Risk and Die-Rolling Probabilities If you aren't familiar with Risk, here is a short description of how the game works:

In the game of Risk, players control countries by occupying them with a variable number of “armies.”  The object is to gain more territory by conducting battles between neighboring countries.  A battle consists of the armies of a single country going against an opponent’s armies occupying a neighboring country.  The battle progresses by each player rolling a prescribed number of dice, and applying rules to determine from the outcome how many armies are lost for each player.  The dice are rolled repeatedly until either the defender loses all his armies (in which case the attacker can occupy the disputed country), or until the attacker is reduced to a single army (in which case there is no army to spare for occupying the opponent’s country).  An attacker can never lose control of his own country.  The battle may also be stopped at any prior time at the attacker’s discretion.
The rules for determining how many dice a player may shake are as follows:
  
  
*
  
*The attacker may shake one less die than the number of armies on his country, to a maximum of three.
  
*The defender may shake as many dice as the number of armies on his country, to a maximum of two.
  
  
  The rules for deciding the outcome of a particular throw of the dice are as follows:
  
  
*
  
*The highest attacker die is compared against the highest defender die.  Whoever has the lower number loses one army.  Ties go to the defender.
  
*The procedure is repeated for the second-highest dice.
  
  
  In cases where either the attacker or the defender only rolls a single die, a total of only one army will be lost; in all other cases a total of two armies will be lost.

For the 1-1 die rolling situation, it is easy to determine that the probability of winning one battle is 15/16.  
How can I determine probabilities for the other scenarios? Do I have to brute force the calculation (which wouldn't be hard if I were to use python), or does there exist a mathematical way to determine the probabilities of the attacking side winning?
 A: No need to apply brute force. Let's calculate the probability that the highest die is $k$ when $n$ dice are thrown. Let's name this probability $P_n(h=k)$
We know that $P_1(h=k) = \frac16, \;\forall\ k \in\{1,2,3,4,5,6\}$
What if we throw two dice? To find $P_2(h=6)$ it's easier to calculate the complementary probability that the highest die is not $6$. 

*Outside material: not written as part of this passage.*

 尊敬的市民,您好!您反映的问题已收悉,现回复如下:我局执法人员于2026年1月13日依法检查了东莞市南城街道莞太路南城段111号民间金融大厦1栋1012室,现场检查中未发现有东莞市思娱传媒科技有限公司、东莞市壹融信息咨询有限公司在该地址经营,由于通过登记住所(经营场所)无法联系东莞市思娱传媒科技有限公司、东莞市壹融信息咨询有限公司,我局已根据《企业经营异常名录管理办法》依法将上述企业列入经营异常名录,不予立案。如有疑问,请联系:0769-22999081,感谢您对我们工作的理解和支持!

$$P_2(h<6) = \left({\frac56}\right)^2 \implies \\
P_2(h=6) = 1- \left({\frac56}\right)^2$$
In general for any $n$: $$P_n(h=6) = 1-\left({\frac56}\right)^n$$
Similarly: $$P_n(h<5) = \left({\frac46}\right)^n \implies\\
P_n(h=5) = 1- \left({\frac46}\right)^n - P_n(h=6)$$
In general for any $n$ and any $i$:
$$P_n(h<k) = \left({\frac{k-1}6}\right)^n$$ and 
$$\begin{aligned}
P_n(h=k) &= 1 - P_n(h<k) -P_n(h>k)\\
&=1-P_n(h<k) -P_n(h \ge k+1)\\
&=1-P_n(h<k) - (1- P_n(h < k+1))\\
&= P_n(h < k+1) - P_n(h < k)\\
&= \left({\frac{k}6}\right)^n - \left({\frac{k-1}6}\right)^n = \frac{k^n - (k-1)^n}{6^n}\\
\end{aligned}$$
Just to get a numerical sense, here are the values for $P_3(h=i)$:
$$\begin{aligned}
P_3(h = 6) &= \frac{91}{216} \approx 0.421 \\
P_3(h = 5) &= \frac{61}{216} \approx 0.282 \\
P_3(h = 4) &= \frac{37}{216} \approx 0.171 \\
P_3(h = 3) &= \frac{19}{216} \approx 0.088 \\
P_3(h = 2) &= \frac{7}{216} \approx 0.032 \\
P_3(h = 1) &= \frac{1}{216} \approx 0.004 \\
\end{aligned}
$$
So let's compute the probability of the attacker winning if the attacker throws $3$ dice and the defender $2$. Let's denote the attacker's highest value as $A$  and the defender's highest value as $D$. We want to compute $P(A>D)$.
$$\begin{aligned}
P(A>D) =& \sum_{k=1}^6 P_3(A = k) \cap P_2(D<k)  \\
=&\sum_{k=1}^6 P_3(A = k) \cdot P_2(D<k) &&\text{(because throws are independent)}\\
=& \sum_{k=1}^6 \frac{k^3 - (k-1)^3}{6^3} \cdot \frac{(k-1)^2}{6^2} 
=& \frac{3667}{7776} \approx 0.471
\end{aligned}$$
Sum computed with WolframAlpha
Interesting to know that the attacker is slightly more probably to lose, even with three dice against the defender's two. Ties going to the defender does the job :)  
If the attacker throws three dice and the defender only one then we get: $P(A>D) =\frac{95}{144} \approx 0.66$